Protein translation errors stemming from ribosome stalling are increasingly recognized as a pervasive phenomenon in organisms undergoing disease progression and the aging process. These errors are hypothesized to be a key initiating factor in the destabilization of the proteome observed in these physiological states. The Ribosome-Associated Quality Control (RQC) pathway plays a critical role as a cellular surveillance mechanism dedicated to the resolution of these stalled ribosomes and the management of the aberrant polypeptide chains they produce.
Research conducted in Drosophila melanogaster has uncovered significant genetic interactions between Clbn, a gene encoding a core component of the RQC pathway, and CTSD, the fruit fly homolog of the human CLN10 gene. Specifically, loss-of-function in Clbn was found to worsen the phenotypic manifestations associated with CTSD mutations. These exacerbated phenotypes included a marked reduction in lifespan, a noticeable impairment of motor abilities, and the development of neurological dysfunction, highlighting a functional link between these two genes.
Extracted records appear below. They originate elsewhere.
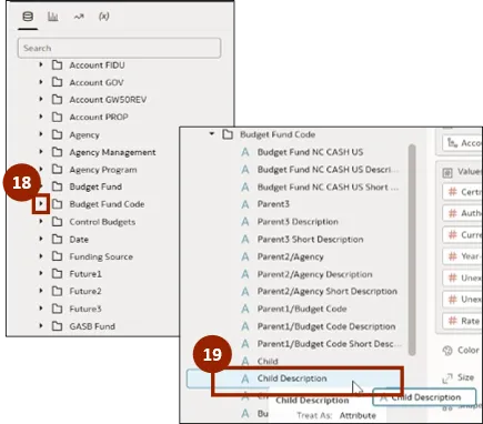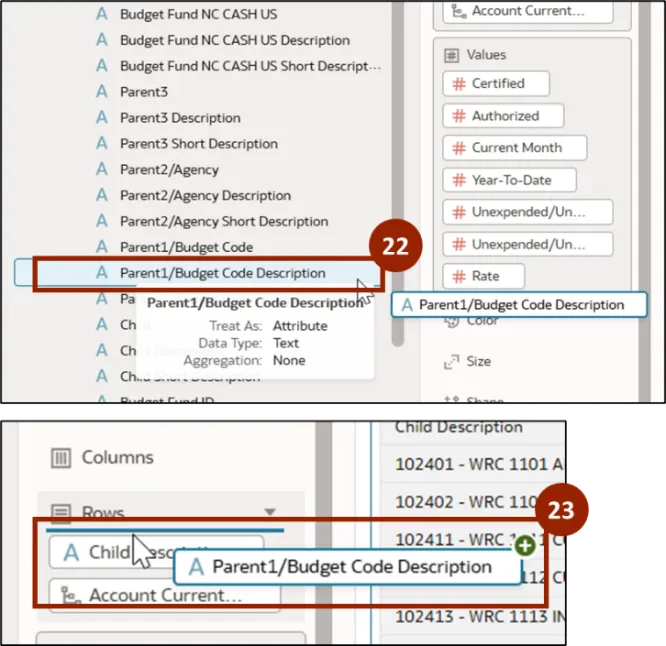 Step 22.    Next, select and hold Parent1/Budget Code Description.
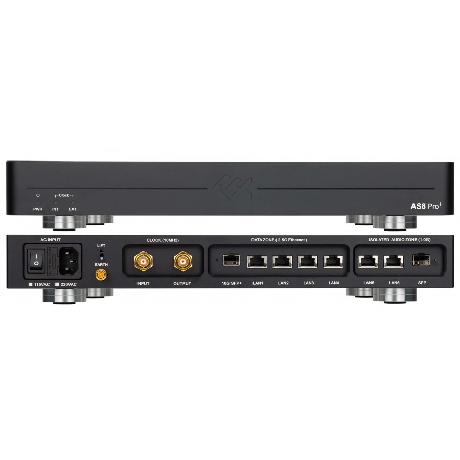 LHY Audio offers us their AS8 Pro+ network switch. It features 6 RJ45 Ethernet ports and 2 SFP fiber optic ports, as well as a dedicated input and output connected to its built-in 10MHz OCXO SC-CUT clock. Everything is housed in an elegant CNC-machined anodized aluminum chassis designed to minimize resonance and engineered to physically separate data processing, audio signal processing, internal clock circuitry, and the power supply stage.
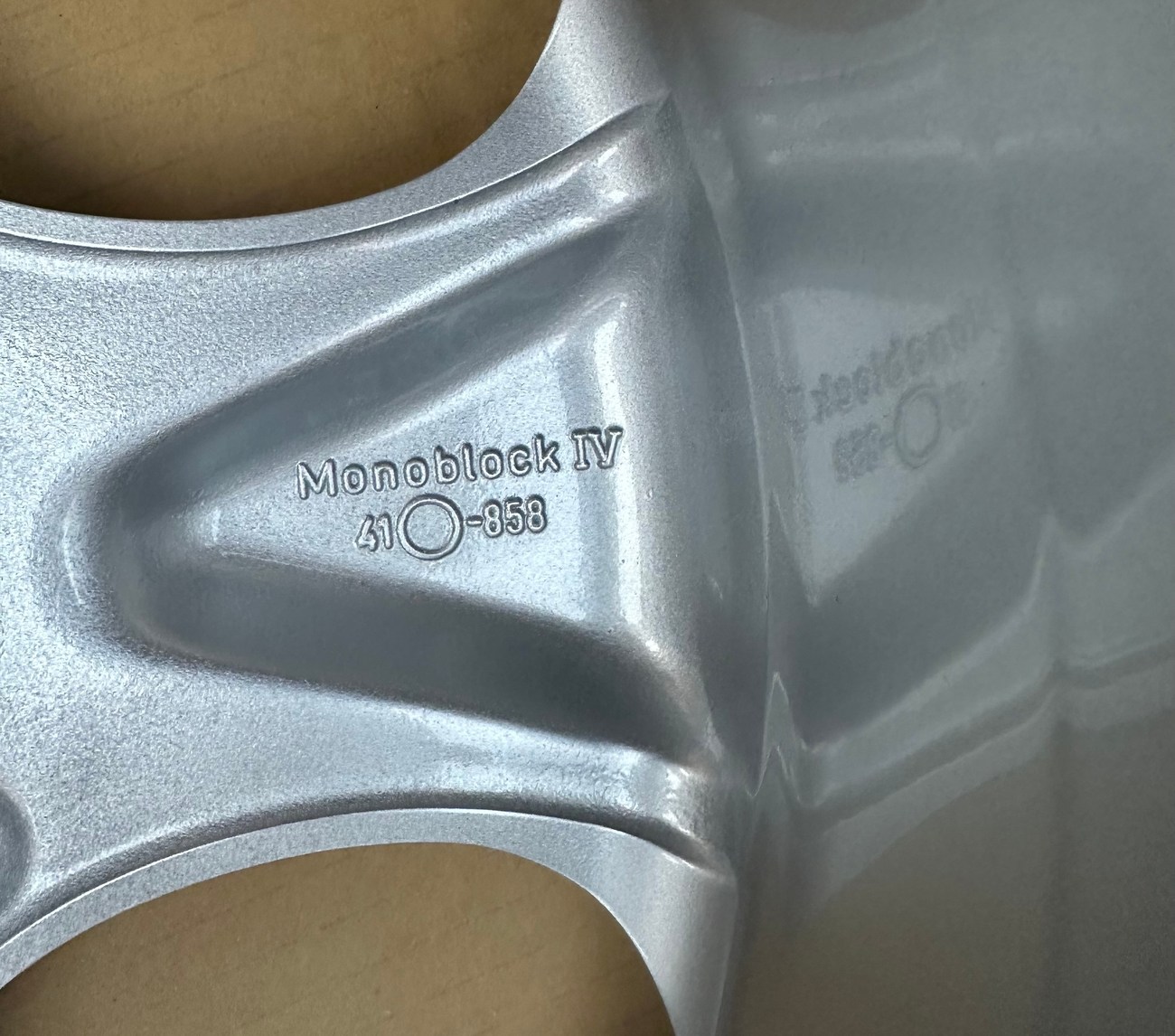 These single-piece Monoblock IV wheels fit a wide variety of Mercedes-Benz models from the 90's and 2000's. The faces feature a silver painted face with polished lips and have been professionally refinished in preparation for the sale. Up close photos of each face are provided in the gallery and no imperfections are noted.
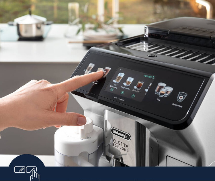 دستگاه قهوهساز اتوماتیک جدید De’Longhi Eletta Explore با طراحی جلوی نقرهای رنگ، بیش از 50 نوع نوشیدنی داغ، سرد و Cold Brew را برای کشف در اختیار شما قرار میدهد. به لطف فناوری LatteCrema Hot، از کف شیر داغ اتوماتیک لذت ببرید و با فناوریهای LatteCrema Cool و ColdExtraction نوشیدنیهای خنک و Cold Brew را چه در خانه و چه در حرکت با عملکرد راحت To-Go امتحان کنید.
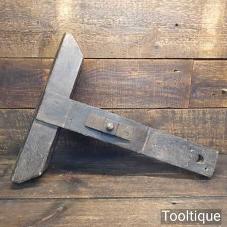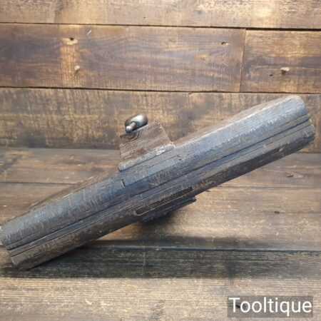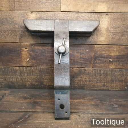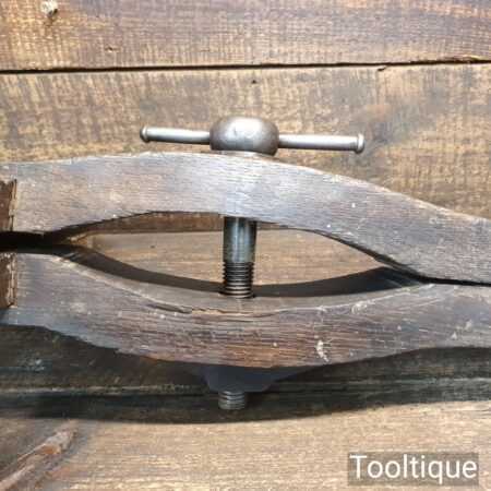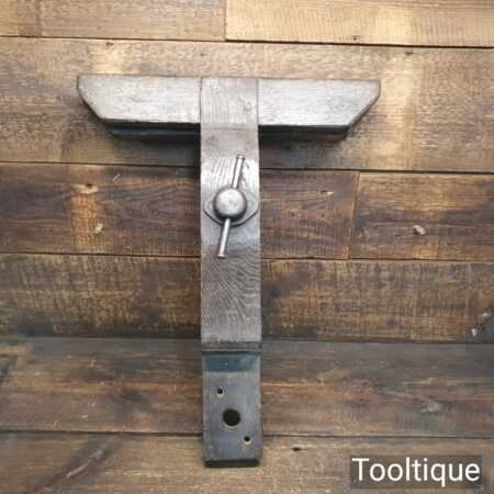 Antique Oak saw sharpening vice with 16” jaws in good used condition. This is an interesting concept curved clamp design that used the spring in the timber.
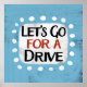 "Let's Go For A Drive" ist ein niedliches Textdesign in hellblau mit schwarzem und rotem Text, zusammen mit einer weißen Akzent-Form und weißen texturierten weißen, weißgetönten weißen Punkten, die ihn umgeben.
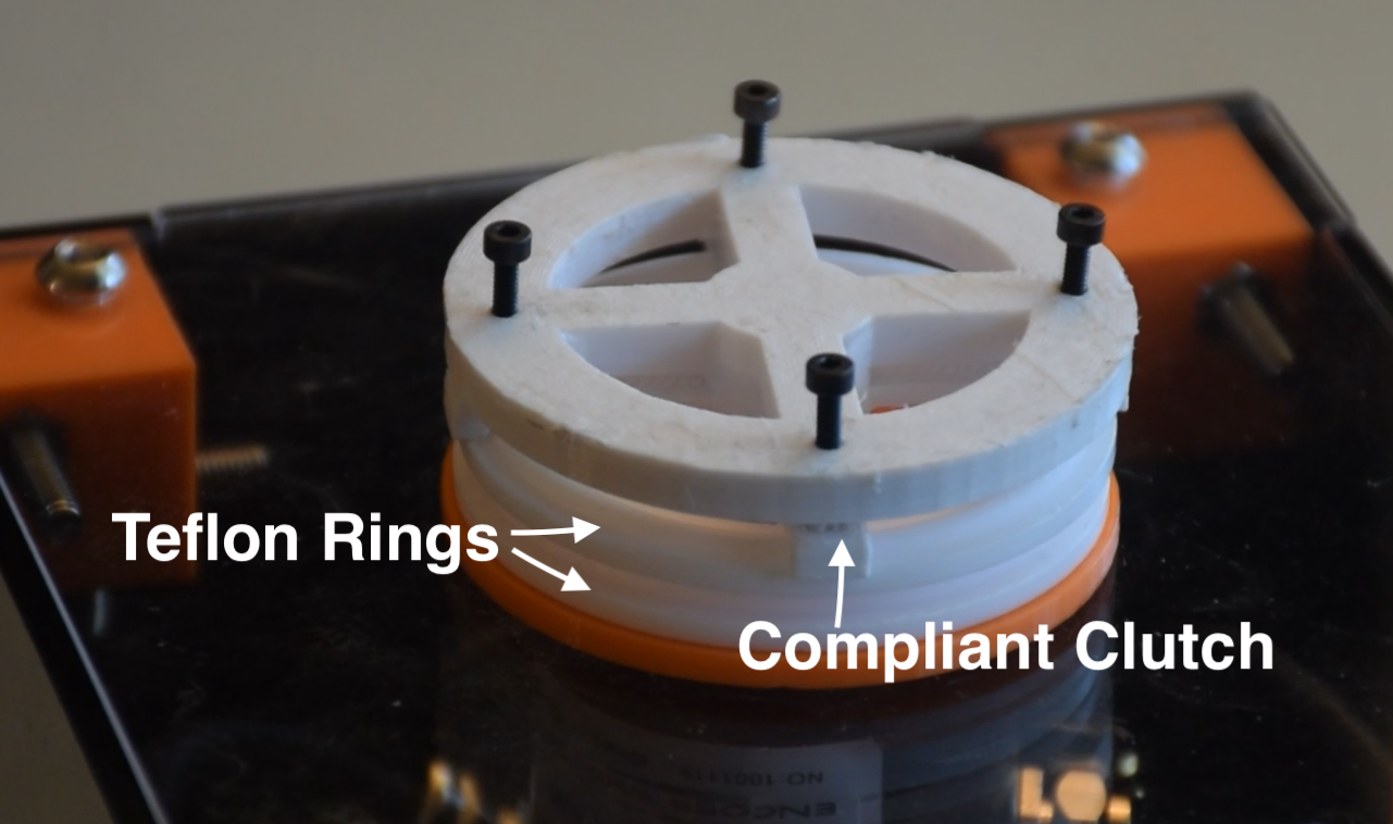 The knob has an inner teflon ring that is meshed to a teflon ring base because teflon slips easily. The knob-ring’s downward force can be controlled by a mechanism with screws, that helps set the desired friction for rotation.
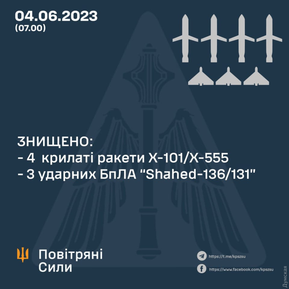 Чотири крилаті ракети Х-101/Х-555 і три дрони-камікадзе Shahed-136 знищили наші зенітники минулої ночі.
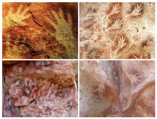 - Etxepare, R.; Irurtzun, A. Gravettian hand stencils as sign language formatives. Philos. Trans. R. Soc. B Biol. Sci. 2021, 376, 20200205. [Google Scholar] [CrossRef] [PubMed]
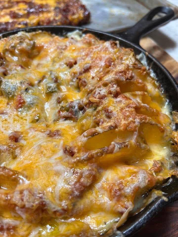 Here’s a rich, spicy twist on a classic comfort food: Green Chile Cheese Scalloped Potatoes. This dish is creamy, cheesy, and kicked up with roasted green chiles β perfect as a side for grilled meats, holiday spreads, or even as a main for vegetarians.
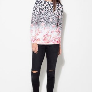 Kolorowa bluzka wykonana z wysokiej jakości dzianiny, idealnie pasuje do codziennych stylizacji. Pięknie podkreśla kobiecość i uniwersalizm noszenia.
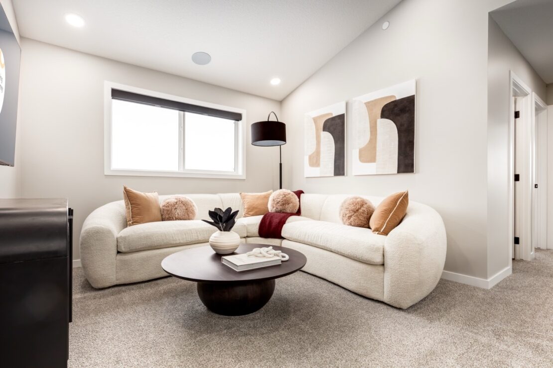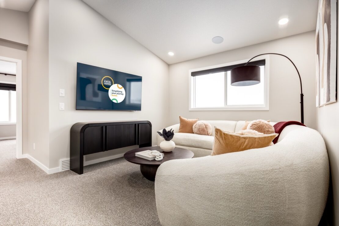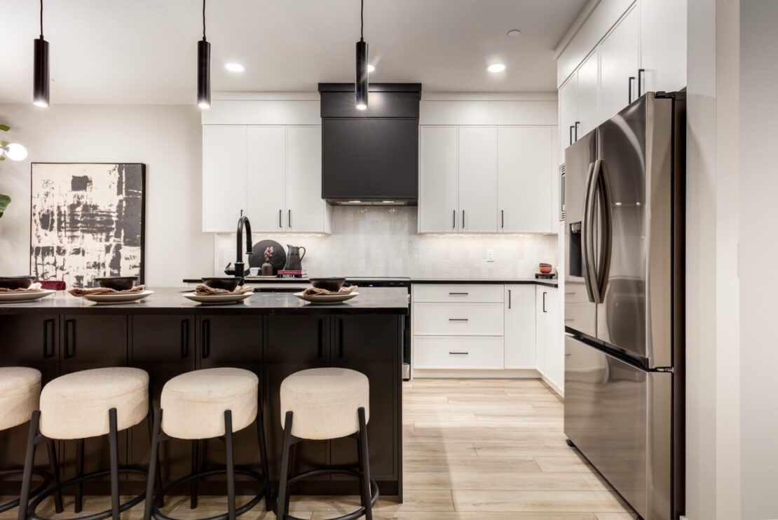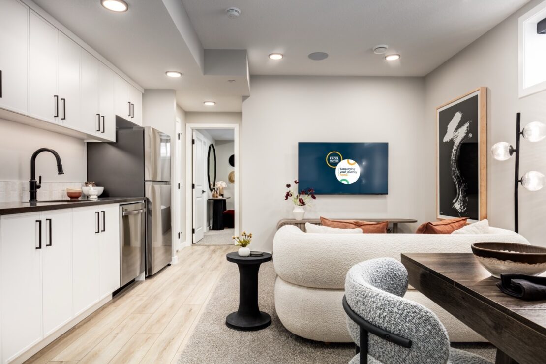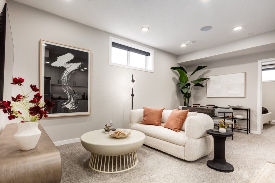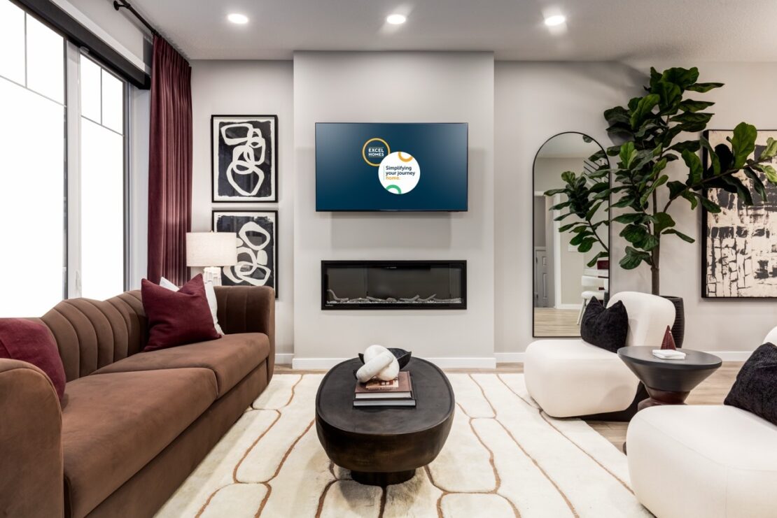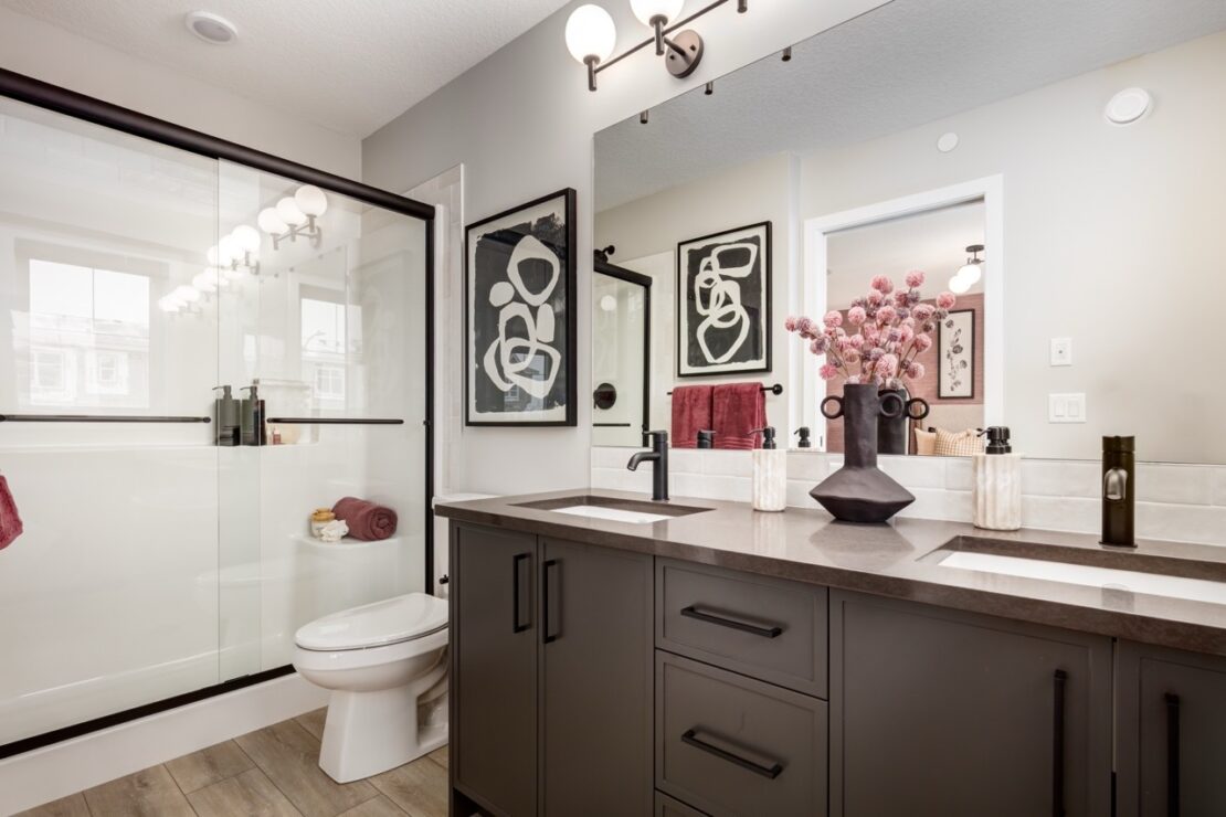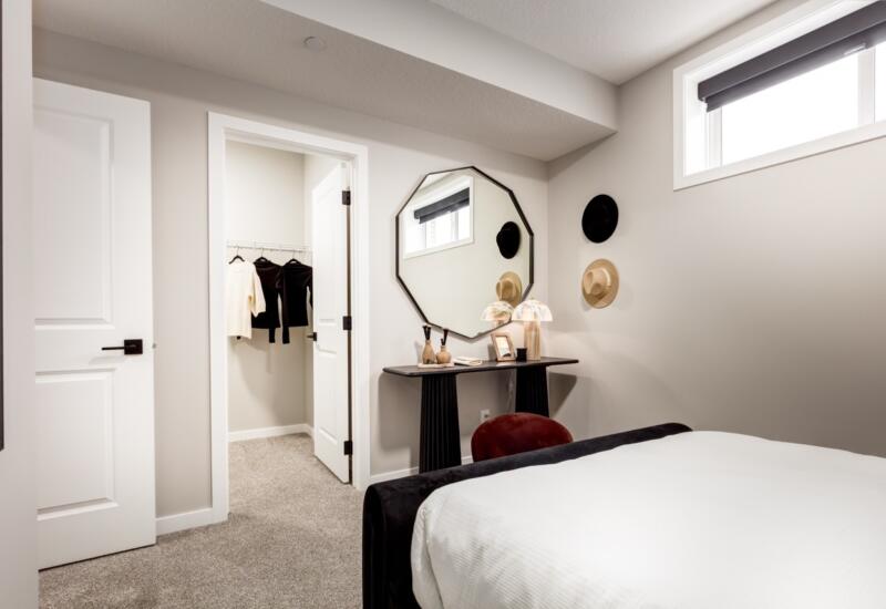 The Berkley show home features a bright, open‑concept layout that blends the kitchen, dining, and living areas with added potlights, a modern black linear chandelier, and a full‑height electric fireplace. The upgraded kitchen includes a spice kitchen, a one‑sided waterfall island, two‑toned cabinetry, an undermount Silgranit sink, and premium finishes like Artisan White backsplashes and Luxe Noir countertops. Natural light enhances the great room, while a flexible rear space benefits from a modern black flush mount and long‑run conduit for added functionality. Upstairs, a vaulted bonus room separates the two secondary bedrooms from the luxurious primary suite, which includes an upgraded shower, dual sinks, and Carbon countertops. A full bathroom, a conveniently located laundry room with upgraded appliances, and thoughtful finishes complete the upper floor. The fully developed basement adds even more versatility with a two‑bedroom layout, wet bar, added windows, its own laundry, and elevated features like Artisan White and Shadow cabinetry accents. Every detail—from the modern black lighting package to the black metal spindled railing and Designer Grey paint—brings a warm, elegant finish to this exceptional home.

Beyond its interaction with CTSD, Clbn appears to be indispensable for the maintenance of normal aging processes within Drosophila tissues. Notably, Clbn influences the primary protein degradation pathway that is activated in response to abnormal proteins, and this choice of pathway differs significantly between young and old physiological conditions. This age-dependent shift in the selection of protein degradation pathways, regulated in part by Clbn, may be a critical factor underlying the pathogenic mechanisms associated with CLN10-related neuropathologies in humans. The observed genetic interactions in Drosophila provide a valuable model system for further investigating the complex interplay between ribosome quality control, protein degradation, and the development of age-related neurodegenerative disorders.